**Task goal**. Retype each line of the listing below, word for word.

**Data extracts**.
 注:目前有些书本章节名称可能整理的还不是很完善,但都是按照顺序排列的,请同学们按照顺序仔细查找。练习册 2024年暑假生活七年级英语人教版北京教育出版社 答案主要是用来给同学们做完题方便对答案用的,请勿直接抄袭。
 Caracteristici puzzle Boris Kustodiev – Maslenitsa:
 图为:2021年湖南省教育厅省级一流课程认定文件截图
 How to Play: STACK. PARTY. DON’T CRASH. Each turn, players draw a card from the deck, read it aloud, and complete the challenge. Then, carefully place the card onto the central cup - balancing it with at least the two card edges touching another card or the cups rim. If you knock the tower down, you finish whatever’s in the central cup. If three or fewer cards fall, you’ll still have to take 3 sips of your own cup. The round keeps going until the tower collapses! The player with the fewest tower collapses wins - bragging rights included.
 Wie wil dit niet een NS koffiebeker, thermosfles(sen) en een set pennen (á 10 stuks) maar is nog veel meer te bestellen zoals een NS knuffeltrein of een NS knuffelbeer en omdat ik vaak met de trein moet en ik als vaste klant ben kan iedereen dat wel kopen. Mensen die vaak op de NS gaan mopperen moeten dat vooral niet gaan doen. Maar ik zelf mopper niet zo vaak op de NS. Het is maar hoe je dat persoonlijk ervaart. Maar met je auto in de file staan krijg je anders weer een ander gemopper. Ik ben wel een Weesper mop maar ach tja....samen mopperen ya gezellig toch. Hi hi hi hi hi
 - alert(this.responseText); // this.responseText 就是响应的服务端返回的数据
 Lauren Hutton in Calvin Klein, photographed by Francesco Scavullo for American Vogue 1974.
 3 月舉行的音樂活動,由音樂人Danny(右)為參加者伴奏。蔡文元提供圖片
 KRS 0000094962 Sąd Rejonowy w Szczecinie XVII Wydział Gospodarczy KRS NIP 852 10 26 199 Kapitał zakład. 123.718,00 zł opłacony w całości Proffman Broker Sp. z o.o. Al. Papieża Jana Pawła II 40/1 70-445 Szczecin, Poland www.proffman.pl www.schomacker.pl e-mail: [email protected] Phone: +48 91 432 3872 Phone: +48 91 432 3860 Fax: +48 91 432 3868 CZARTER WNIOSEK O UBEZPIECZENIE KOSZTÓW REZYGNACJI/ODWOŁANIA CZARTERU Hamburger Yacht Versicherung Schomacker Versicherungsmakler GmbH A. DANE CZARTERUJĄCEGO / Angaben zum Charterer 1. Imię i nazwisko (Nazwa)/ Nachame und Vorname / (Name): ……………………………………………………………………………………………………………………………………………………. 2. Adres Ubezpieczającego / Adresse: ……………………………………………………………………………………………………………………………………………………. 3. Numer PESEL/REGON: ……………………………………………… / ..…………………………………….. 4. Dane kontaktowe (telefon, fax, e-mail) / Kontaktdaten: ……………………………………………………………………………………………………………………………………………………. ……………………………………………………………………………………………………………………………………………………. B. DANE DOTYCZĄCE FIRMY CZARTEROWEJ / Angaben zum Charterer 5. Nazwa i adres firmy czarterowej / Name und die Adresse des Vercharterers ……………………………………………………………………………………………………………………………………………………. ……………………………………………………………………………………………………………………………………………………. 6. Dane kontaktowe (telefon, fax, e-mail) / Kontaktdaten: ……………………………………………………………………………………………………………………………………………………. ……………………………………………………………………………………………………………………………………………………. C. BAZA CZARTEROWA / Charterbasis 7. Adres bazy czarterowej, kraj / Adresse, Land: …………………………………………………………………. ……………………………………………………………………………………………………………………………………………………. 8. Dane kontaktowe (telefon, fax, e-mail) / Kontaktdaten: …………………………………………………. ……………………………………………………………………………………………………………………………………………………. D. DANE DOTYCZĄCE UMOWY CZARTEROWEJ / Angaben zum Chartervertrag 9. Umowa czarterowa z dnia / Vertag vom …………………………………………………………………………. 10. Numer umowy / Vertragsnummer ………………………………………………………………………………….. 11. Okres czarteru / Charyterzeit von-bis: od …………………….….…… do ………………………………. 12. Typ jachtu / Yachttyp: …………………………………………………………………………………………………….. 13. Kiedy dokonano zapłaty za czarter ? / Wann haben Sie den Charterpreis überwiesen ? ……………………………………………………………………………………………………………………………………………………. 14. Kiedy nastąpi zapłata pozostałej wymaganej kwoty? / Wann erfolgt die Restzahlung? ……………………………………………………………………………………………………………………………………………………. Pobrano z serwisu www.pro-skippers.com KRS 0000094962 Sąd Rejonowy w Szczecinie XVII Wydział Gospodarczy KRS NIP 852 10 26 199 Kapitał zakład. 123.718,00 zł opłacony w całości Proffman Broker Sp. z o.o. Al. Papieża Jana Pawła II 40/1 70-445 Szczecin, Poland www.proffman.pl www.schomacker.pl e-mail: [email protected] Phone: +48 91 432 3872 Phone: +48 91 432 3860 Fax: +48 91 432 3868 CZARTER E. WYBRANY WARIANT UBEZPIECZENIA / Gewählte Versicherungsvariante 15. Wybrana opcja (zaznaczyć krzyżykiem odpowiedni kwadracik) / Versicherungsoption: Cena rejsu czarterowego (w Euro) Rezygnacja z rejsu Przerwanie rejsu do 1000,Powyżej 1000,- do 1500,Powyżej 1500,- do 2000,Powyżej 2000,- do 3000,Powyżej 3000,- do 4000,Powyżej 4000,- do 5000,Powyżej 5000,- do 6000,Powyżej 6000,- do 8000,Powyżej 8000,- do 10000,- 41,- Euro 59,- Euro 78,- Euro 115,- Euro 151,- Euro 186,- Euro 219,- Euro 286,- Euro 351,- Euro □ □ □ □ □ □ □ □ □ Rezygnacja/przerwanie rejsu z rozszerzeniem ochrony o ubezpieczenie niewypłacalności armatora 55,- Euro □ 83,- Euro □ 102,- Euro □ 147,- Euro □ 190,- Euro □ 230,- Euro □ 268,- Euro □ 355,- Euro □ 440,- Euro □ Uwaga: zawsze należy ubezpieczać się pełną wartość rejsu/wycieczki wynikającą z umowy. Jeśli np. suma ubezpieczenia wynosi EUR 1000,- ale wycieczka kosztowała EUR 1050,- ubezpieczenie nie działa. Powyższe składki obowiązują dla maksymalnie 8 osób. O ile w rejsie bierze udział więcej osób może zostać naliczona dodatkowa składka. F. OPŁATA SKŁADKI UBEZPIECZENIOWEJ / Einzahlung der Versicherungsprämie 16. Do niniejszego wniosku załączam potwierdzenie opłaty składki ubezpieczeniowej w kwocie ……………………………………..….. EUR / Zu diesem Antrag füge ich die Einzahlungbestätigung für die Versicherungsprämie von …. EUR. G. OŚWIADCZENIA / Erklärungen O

**Response area**.
 注:目前有些书本章节名称可能整理的还不是很完善,但都是按照顺序排列的,请同学们按照顺序仔细查找。练习册 2024年暑假生活七年级英语人教版北京教育出版社 答案主要是用来给同学们做完题方便对答案用的,请勿直接抄袭。
 Caracteristici puzzle Boris Kustodiev – Maslenitsa:
 图为:2021年湖南省教育厅省级一流课程认定文件截图
 How to Play: STACK. PARTY. DON’T CRASH. Each turn, players draw a card from the deck, read it aloud, and complete the challenge. Then, carefully place the card onto the central cup - balancing it with at least the two card edges touching another card or the cups rim. If you knock the tower down, you finish whatever’s in the central cup. If three or fewer cards fall, you’ll still have to take 3 sips of your own cup. The round keeps going until the tower collapses! The player with the fewest tower collapses wins - bragging rights included.
 Wie wil dit niet een NS koffiebeker, thermosfles(sen) en een set pennen (á 10 stuks) maar is nog veel meer te bestellen zoals een NS knuffeltrein of een NS knuffelbeer en omdat ik vaak met de trein moet en ik als vaste klant ben kan iedereen dat wel kopen. Mensen die vaak op de NS gaan mopperen moeten dat vooral niet gaan doen. Maar ik zelf mopper niet zo vaak op de NS. Het is maar hoe je dat persoonlijk ervaart. Maar met je auto in de file staan krijg je anders weer een ander gemopper. Ik ben wel een Weesper mop maar ach tja....samen mopperen ya gezellig toch. Hi hi hi hi hi
 - alert(this.responseText); // this.responseText 就是响应的服务端返回的数据
 Lauren Hutton in Calvin Klein, photographed by Francesco Scavullo for American Vogue 1974.
 3 月舉行的音樂活動,由音樂人Danny(右)為參加者伴奏。蔡文元提供圖片
 KRS 0000094962 Sąd Rejonowy w Szczecinie XVII Wydział Gospodarczy KRS NIP 852 10 26 199 Kapitał zakład. 123.718,00 zł opłacony w całości Proffman Broker Sp. z o.o. Al. Papieża Jana Pawła II 40/1 70-445 Szczecin, Poland www.proffman.pl www.schomacker.pl e-mail: [email protected] Phone: +48 91 432 3872 Phone: +48 91 432 3860 Fax: +48 91 432 3868 CZARTER WNIOSEK O UBEZPIECZENIE KOSZTÓW REZYGNACJI/ODWOŁANIA CZARTERU Hamburger Yacht Versicherung Schomacker Versicherungsmakler GmbH A. DANE CZARTERUJĄCEGO / Angaben zum Charterer 1. Imię i nazwisko (Nazwa)/ Nachame und Vorname / (Name): ……………………………………………………………………………………………………………………………………………………. 2. Adres Ubezpieczającego / Adresse: ……………………………………………………………………………………………………………………………………………………. 3. Numer PESEL/REGON: ……………………………………………… / ..…………………………………….. 4. Dane kontaktowe (telefon, fax, e-mail) / Kontaktdaten: ……………………………………………………………………………………………………………………………………………………. ……………………………………………………………………………………………………………………………………………………. B. DANE DOTYCZĄCE FIRMY CZARTEROWEJ / Angaben zum Charterer 5. Nazwa i adres firmy czarterowej / Name und die Adresse des Vercharterers ……………………………………………………………………………………………………………………………………………………. ……………………………………………………………………………………………………………………………………………………. 6. Dane kontaktowe (telefon, fax, e-mail) / Kontaktdaten: ……………………………………………………………………………………………………………………………………………………. ……………………………………………………………………………………………………………………………………………………. C. BAZA CZARTEROWA / Charterbasis 7. Adres bazy czarterowej, kraj / Adresse, Land: …………………………………………………………………. ……………………………………………………………………………………………………………………………………………………. 8. Dane kontaktowe (telefon, fax, e-mail) / Kontaktdaten: …………………………………………………. ……………………………………………………………………………………………………………………………………………………. D. DANE DOTYCZĄCE UMOWY CZARTEROWEJ / Angaben zum Chartervertrag 9. Umowa czarterowa z dnia / Vertag vom …………………………………………………………………………. 10. Numer umowy / Vertragsnummer ………………………………………………………………………………….. 11. Okres czarteru / Charyterzeit von-bis: od …………………….….…… do ………………………………. 12. Typ jachtu / Yachttyp: …………………………………………………………………………………………………….. 13. Kiedy dokonano zapłaty za czarter ? / Wann haben Sie den Charterpreis überwiesen ? ……………………………………………………………………………………………………………………………………………………. 14. Kiedy nastąpi zapłata pozostałej wymaganej kwoty? / Wann erfolgt die Restzahlung? ……………………………………………………………………………………………………………………………………………………. Pobrano z serwisu www.pro-skippers.com KRS 0000094962 Sąd Rejonowy w Szczecinie XVII Wydział Gospodarczy KRS NIP 852 10 26 199 Kapitał zakład. 123.718,00 zł opłacony w całości Proffman Broker Sp. z o.o. Al. Papieża Jana Pawła II 40/1 70-445 Szczecin, Poland www.proffman.pl www.schomacker.pl e-mail: [email protected] Phone: +48 91 432 3872 Phone: +48 91 432 3860 Fax: +48 91 432 3868 CZARTER E. WYBRANY WARIANT UBEZPIECZENIA / Gewählte Versicherungsvariante 15. Wybrana opcja (zaznaczyć krzyżykiem odpowiedni kwadracik) / Versicherungsoption: Cena rejsu czarterowego (w Euro) Rezygnacja z rejsu Przerwanie rejsu do 1000,Powyżej 1000,- do 1500,Powyżej 1500,- do 2000,Powyżej 2000,- do 3000,Powyżej 3000,- do 4000,Powyżej 4000,- do 5000,Powyżej 5000,- do 6000,Powyżej 6000,- do 8000,Powyżej 8000,- do 10000,- 41,- Euro 59,- Euro 78,- Euro 115,- Euro 151,- Euro 186,- Euro 219,- Euro 286,- Euro 351,- Euro □ □ □ □ □ □ □ □ □ Rezygnacja/przerwanie rejsu z rozszerzeniem ochrony o ubezpieczenie niewypłacalności armatora 55,- Euro □ 83,- Euro □ 102,- Euro □ 147,- Euro □ 190,- Euro □ 230,- Euro □ 268,- Euro □ 355,- Euro □ 440,- Euro □ Uwaga: zawsze należy ubezpieczać się pełną wartość rejsu/wycieczki wynikającą z umowy. Jeśli np. suma ubezpieczenia wynosi EUR 1000,- ale wycieczka kosztowała EUR 1050,- ubezpieczenie nie działa. Powyższe składki obowiązują dla maksymalnie 8 osób. O ile w rejsie bierze udział więcej osób może zostać naliczona dodatkowa składka. F. OPŁATA SKŁADKI UBEZPIECZENIOWEJ / Einzahlung der Versicherungsprämie 16. Do niniejszego wniosku załączam potwierdzenie opłaty składki ubezpieczeniowej w kwocie ……………………………………..….. EUR / Zu diesem Antrag füge ich die Einzahlungbestätigung für die Versicherungsprämie von …. EUR. G. OŚWIADCZENIA / Erklärungen O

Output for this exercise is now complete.